This morning, French-speaking broadcaster RTBF confirmed that ESSYLA (caps artist’s own) will represent Belgium at Eurovision 2026 in Vienna with ‘Dancing on the Ice’, unveiled via the “8-9” programme on La Une / VivaCité.

If the name rings the faintest of faint bells, it may be because ESSYLA (known to her parents as Alice Van Eesbeeck) once made it to the final of The Voice Belgique. RTBF’s Eurovision 2026 pitch is very much framing the entry as an upbeat, forward-looking anthem about keeping your footing even when the surface is less professional-grade ice rink and more slushy brown gutter snow.

‘Dancing on the Ice’ is presented as electro-pop with a message of hope and resilience, with both RTBF and the EBU leaning hard into the “determination of youth” angle. Songwriting credits include ESSYLA, Nicolas d’Avell and Emil Stengele, with lyrics credited to ESSYLA and Barbara Petitjean.

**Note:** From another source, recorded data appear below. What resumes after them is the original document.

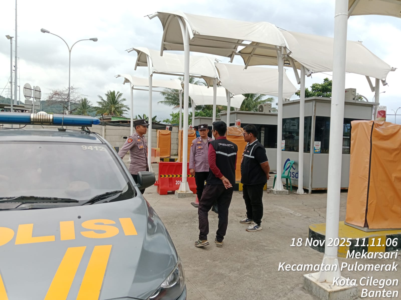Cilegon - Personel Polsek Kskp Merak Polres Cilegon Polda Banten melaksanakan sambang dan patroli kawasan pelabuhan merak dalam rangka menjaga Harkamtibmas di Kawasan Pelabuhan Merak, Selasa (18/11/2025).
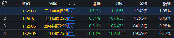 值得注意的是,昨日30年期主力合约跌0.56%,10年期主力合约跌0.20%,5年期主力合约跌0.14%,2年期主力合约跌0.06%。
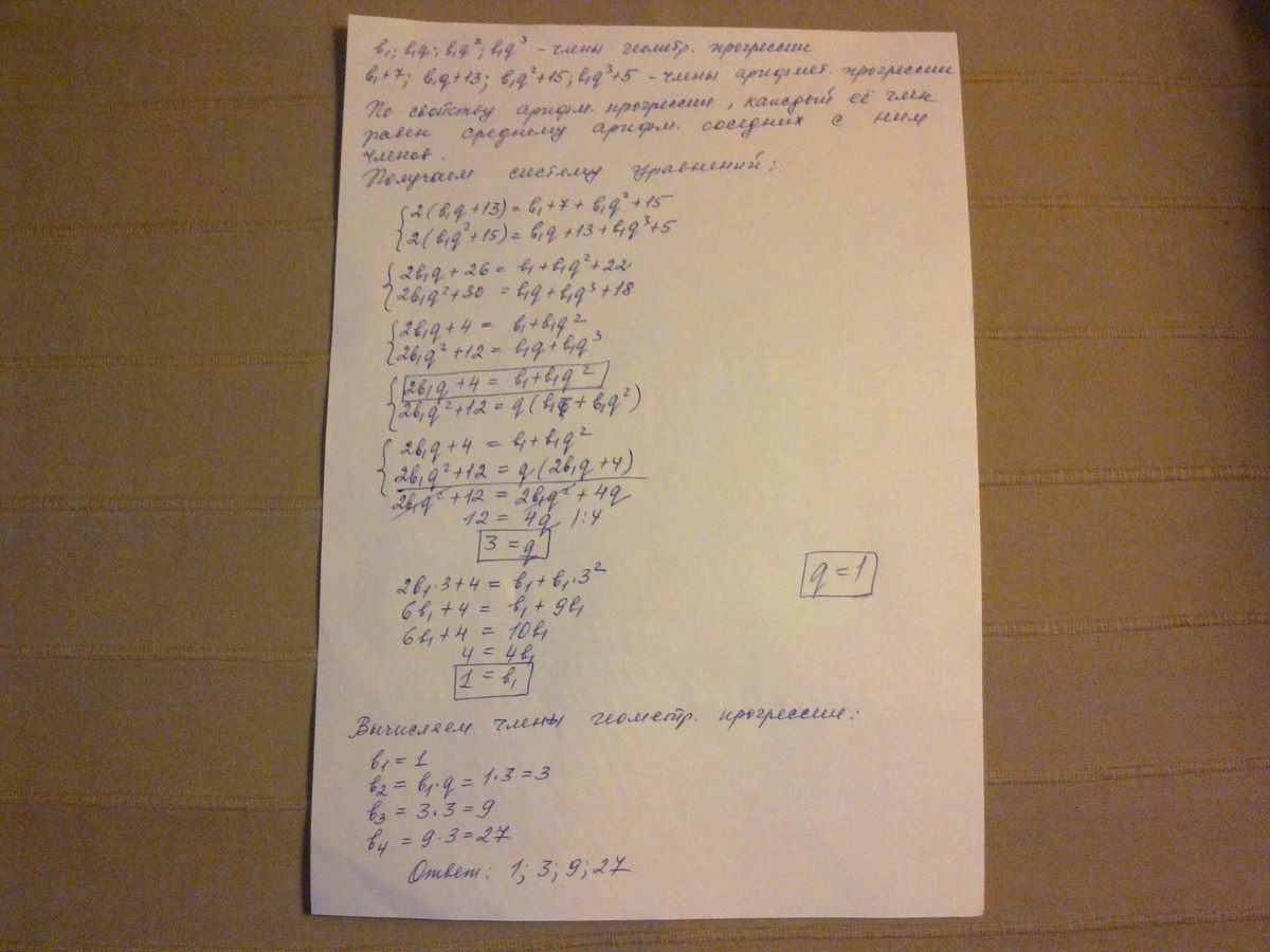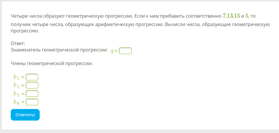 Четыре числа образуют геометрическую прогрессию. Если к ним прибавить соответственно 7,13,15 и 5, то получим четыре числа, образующих арифметическую прогрессию. Вычисли числа, образующие геометрическую прогрессию.
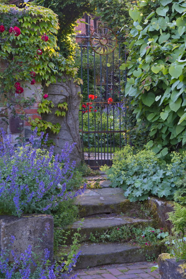 - Bogen, Garten Scheele, Naturstein, Nepeta, Rose, Stufen, Tor
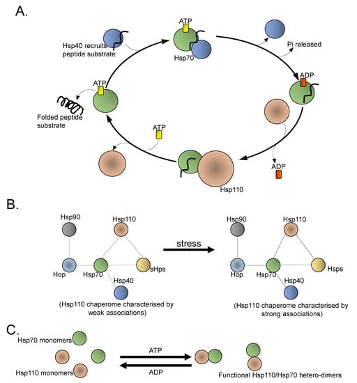 Hsp110 is known to directly associate with canonical Hsp70 through NBD–NBD interactions ([,,], Figure 5) to form a heterodimer that facilitates Hsp70-based protein folding. Hsp110 acts a co-chaperone of Hsp70, facilitating the exchange of ADP for ATP state, leading to substrate release from the canonical Hsp70 partner (Figure 5). Given that Hsp70 facilitates the folding of virtually all proteins within the cell [], the NEF role of Hsp110 in this regard is crucial to the efficient function of canonical Hsp70.
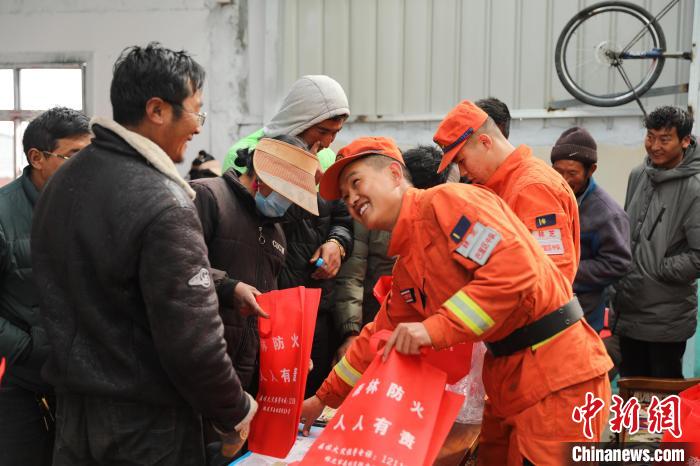 為民眾分發(fā)防火宣傳小禮品?!∥骼@拉翁 攝

That is the tidy, official version. The messier, more human version, from Belgian press coverage, is that the track was reportedly written very quickly for ‘reasons’.

Just two days before the reveal, unions linked to both RTBF and VRT publicly called for Belgium to boycott Eurovision 2026, urging the broadcasters to withdraw and not broadcast the shows. The unions cited objections over Israel’s participation in the contest given the ongoing war in Gaza.

RTBF, for its part, went ahead with the reveal as scheduled. Meanwhile VRT has indicated it plans to broadcast Eurovision but with “additional contextualisation”, which is broadcaster-speak for “we are not pretending this is happening in a vacuum”.

Whatever you think of the wider argument, it is hard to ignore the weirdness of launching your big 2026 Eurovision moment with a national conversation raging behind you, like trying to debut your new single while someone is loudly arguing with the DJ.

The upside is that Belgium now has a clear musical direction and a performer RTBF believes can carry it. The downside is that the story may keep snapping back to the broadcaster and labour politics rather than letting the entry breathe on its own terms.